Thoughts on the Edge of Chaos
M.M.Taylor and R.A. Pigeau
2. Basic Ideas: Information and structure, Attractors and Repellors
3. Basic Ideas: Catastrophe
Surprise: importing structure
A logic map has no divergent states, by definition. The future is entirely predictable from the present state. The converse is not true in general: two states can have trajectories that combine into a single state. The logic system must be dissipative. It is not possible to "predict" the past trajectory of a logic state. If states can combine but not split, the number of attainable states must decrease, or at least not increase, over time. If an outside observer knew the range of the state space (i.e. the set of states the system could have been in) at time t0, he would need a further amount of information H to specify the exact state. As time progressed, this observer would be able to specify the exact state with less information than H, since the number of available states would have decreased. As the states combine, they approach or join the attractors of the map, and if those attractors are fixed or periodic, the system approaches the "death" map. Chaotic (strange) attractors cannot exist in a logic map, since the number of possible states is finite, so that the longest possible period is one in which all states are visited once each. Isolated logic maps are therefore condemned finally to "go round in circles."
To release a dissipative logical system from gradual death requires the importation of structure from outside. The system can no longer be informationally isolated. It must be moved to a state that is not on either its forward (future) or any of its possible backward (past) trajectories, in other words, it must be "surprised" by the importation of new information--new structure.
The structure that is imported must come from some external system, which is most easily imaged as another logical system. One can then depict the original system and the external system together, as one, larger, isolated system. Inasmuch as the newly imported structure is predictable from the external system but not from the original one, the total information required to specify the joint system is not increased by the importation: the imported structure is totally redundant. In the course of being "surprised", the original system has added to its own structure, but the larger world in which it is included has not gained structure; more probably, it has lost total structure.
There is a close formal analogy between being surprised and the process of eating. The organism imports structured materials which it uses to maintain the structural stability of its own body, and returns less-structured materials to the world through excretion. The overall structure of the world is reduced, though that of the organism is maintained. The importation of surprise will be a fundamental element in our discussion of teaching, training, and learning, where we will deal with concepts of how surprise is imported and incorporated.

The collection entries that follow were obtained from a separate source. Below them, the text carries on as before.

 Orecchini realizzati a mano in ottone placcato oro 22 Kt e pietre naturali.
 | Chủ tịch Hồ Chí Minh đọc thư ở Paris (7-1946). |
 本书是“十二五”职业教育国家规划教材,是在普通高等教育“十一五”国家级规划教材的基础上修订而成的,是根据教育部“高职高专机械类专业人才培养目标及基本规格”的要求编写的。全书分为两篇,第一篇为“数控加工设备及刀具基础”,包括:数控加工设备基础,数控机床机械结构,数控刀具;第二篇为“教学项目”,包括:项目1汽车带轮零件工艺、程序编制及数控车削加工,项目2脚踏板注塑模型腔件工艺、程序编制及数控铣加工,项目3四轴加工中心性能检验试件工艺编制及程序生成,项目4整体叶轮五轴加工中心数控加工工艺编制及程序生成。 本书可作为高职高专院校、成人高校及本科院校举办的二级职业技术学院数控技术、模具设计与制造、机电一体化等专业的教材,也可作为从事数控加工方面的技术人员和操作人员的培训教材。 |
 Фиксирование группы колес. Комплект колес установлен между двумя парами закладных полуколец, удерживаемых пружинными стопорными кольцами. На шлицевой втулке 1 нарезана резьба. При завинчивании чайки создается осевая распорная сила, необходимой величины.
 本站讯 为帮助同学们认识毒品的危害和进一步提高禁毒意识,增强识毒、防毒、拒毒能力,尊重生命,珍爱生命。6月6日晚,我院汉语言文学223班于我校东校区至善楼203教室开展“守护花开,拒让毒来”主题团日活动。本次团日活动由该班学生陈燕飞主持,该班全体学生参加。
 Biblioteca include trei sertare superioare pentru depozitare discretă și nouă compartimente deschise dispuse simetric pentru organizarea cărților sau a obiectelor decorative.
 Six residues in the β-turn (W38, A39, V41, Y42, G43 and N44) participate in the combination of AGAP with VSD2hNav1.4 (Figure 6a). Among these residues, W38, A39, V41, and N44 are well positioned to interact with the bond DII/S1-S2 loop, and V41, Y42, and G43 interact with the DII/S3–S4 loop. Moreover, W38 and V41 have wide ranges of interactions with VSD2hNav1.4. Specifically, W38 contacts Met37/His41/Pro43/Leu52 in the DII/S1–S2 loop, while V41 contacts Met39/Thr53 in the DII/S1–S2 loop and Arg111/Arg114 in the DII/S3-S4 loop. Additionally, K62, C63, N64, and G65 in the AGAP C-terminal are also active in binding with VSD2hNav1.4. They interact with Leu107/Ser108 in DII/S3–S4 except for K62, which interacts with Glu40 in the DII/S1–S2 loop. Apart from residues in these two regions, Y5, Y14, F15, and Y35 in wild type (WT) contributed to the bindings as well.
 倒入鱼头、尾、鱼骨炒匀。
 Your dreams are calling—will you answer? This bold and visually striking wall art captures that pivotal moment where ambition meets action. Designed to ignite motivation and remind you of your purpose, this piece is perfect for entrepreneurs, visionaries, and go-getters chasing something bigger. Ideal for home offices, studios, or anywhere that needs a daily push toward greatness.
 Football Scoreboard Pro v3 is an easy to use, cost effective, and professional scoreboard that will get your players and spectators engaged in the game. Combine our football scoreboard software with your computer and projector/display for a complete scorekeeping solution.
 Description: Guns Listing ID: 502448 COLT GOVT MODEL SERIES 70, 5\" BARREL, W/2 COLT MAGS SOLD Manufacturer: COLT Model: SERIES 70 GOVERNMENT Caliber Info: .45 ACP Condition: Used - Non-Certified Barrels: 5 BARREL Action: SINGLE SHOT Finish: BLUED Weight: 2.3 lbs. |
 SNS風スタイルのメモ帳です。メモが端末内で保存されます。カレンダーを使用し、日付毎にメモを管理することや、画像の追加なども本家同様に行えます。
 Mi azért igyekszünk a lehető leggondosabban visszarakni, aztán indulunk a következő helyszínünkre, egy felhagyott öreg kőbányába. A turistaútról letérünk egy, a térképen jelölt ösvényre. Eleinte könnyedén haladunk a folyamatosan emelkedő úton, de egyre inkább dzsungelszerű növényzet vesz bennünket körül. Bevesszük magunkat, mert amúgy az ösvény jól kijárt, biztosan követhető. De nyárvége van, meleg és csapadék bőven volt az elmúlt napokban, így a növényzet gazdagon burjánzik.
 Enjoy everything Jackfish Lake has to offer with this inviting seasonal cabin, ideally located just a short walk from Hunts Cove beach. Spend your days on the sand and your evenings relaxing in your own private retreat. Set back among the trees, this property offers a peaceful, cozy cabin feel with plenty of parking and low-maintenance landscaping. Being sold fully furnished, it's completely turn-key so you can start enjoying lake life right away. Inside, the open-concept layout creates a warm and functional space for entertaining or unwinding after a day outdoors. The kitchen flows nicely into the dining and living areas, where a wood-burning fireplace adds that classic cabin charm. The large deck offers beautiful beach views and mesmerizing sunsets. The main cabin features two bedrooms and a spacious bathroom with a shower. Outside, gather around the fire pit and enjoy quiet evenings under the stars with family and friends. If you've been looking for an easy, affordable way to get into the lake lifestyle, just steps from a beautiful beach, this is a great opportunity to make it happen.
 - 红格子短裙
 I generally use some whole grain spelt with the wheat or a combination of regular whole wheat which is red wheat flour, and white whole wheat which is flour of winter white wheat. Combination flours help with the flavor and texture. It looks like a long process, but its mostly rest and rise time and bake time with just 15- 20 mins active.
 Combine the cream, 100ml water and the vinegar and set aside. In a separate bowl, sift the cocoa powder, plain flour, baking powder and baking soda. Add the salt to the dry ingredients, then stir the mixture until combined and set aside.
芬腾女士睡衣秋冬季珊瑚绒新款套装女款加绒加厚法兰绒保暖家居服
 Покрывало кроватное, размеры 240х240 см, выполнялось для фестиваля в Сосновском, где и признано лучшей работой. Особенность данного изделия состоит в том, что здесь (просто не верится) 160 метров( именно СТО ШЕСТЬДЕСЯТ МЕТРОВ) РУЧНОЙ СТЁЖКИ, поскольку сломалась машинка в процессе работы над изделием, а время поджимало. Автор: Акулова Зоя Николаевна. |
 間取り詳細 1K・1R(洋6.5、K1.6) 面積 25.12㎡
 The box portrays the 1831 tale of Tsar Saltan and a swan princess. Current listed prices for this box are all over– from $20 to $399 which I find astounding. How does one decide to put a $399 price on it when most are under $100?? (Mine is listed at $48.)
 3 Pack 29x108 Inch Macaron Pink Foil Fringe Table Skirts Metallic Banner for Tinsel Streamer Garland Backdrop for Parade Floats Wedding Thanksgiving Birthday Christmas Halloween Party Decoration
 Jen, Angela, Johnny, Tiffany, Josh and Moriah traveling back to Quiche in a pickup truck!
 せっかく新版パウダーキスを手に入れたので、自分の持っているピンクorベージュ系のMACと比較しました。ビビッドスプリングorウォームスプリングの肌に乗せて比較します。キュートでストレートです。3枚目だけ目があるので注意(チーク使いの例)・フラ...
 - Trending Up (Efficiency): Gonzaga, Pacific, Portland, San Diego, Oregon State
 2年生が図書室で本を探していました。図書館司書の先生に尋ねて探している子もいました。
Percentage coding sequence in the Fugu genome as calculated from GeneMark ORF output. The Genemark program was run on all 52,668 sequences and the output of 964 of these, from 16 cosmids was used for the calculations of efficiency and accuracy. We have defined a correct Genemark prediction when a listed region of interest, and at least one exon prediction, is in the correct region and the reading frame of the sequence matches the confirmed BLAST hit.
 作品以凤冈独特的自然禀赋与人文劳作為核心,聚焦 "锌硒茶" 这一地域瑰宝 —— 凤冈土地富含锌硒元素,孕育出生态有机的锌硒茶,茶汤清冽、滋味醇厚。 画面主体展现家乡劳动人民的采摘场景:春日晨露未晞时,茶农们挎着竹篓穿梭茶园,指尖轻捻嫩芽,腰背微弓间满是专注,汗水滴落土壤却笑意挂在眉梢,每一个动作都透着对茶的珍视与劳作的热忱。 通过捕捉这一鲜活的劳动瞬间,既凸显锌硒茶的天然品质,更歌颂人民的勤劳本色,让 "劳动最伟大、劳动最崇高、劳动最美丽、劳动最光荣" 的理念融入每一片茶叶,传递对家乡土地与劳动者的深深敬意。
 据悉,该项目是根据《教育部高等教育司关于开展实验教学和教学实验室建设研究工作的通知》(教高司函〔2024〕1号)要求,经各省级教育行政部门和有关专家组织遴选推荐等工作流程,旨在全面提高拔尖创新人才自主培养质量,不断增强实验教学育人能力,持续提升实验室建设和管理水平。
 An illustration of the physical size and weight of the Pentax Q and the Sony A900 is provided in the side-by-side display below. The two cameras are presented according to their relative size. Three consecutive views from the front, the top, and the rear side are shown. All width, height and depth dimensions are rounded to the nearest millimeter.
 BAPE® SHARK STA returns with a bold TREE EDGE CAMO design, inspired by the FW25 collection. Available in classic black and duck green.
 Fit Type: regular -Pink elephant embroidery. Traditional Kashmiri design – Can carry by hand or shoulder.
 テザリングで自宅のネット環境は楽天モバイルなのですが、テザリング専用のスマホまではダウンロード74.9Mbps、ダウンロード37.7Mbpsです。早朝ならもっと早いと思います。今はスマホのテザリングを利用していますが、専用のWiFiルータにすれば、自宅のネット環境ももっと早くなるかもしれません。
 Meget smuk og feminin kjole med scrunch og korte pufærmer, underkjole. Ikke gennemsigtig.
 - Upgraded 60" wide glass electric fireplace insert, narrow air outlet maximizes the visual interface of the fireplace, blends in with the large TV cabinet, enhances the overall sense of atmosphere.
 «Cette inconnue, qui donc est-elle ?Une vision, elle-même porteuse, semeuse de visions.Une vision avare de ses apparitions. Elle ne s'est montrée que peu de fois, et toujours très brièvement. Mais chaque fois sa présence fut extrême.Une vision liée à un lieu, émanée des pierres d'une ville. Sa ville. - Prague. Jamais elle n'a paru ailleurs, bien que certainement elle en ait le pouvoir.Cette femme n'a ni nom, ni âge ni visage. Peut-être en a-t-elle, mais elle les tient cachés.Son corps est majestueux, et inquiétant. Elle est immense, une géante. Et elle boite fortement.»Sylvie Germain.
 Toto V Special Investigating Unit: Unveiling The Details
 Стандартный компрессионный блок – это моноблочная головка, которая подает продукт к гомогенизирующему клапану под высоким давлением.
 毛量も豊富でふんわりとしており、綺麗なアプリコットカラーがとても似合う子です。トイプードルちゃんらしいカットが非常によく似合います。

Fractal Growth Structures: the Cognitive Snowflake
The "Cognitive Snowflake" is a fundamental concept in our view of cognition. It is a fractal structure that describes the knowledge held by a cognitive system; but more importantly, it describes how that knowledge is interpreted.
The basis for the cognitive snowflake is surprise. Surprise is necessary if a semi-chaotic dissipative system is to avoid death. The system imports structure from outside, but that structure cannot be predictable from the system state. It can connect with any part of the pre-existing system structure.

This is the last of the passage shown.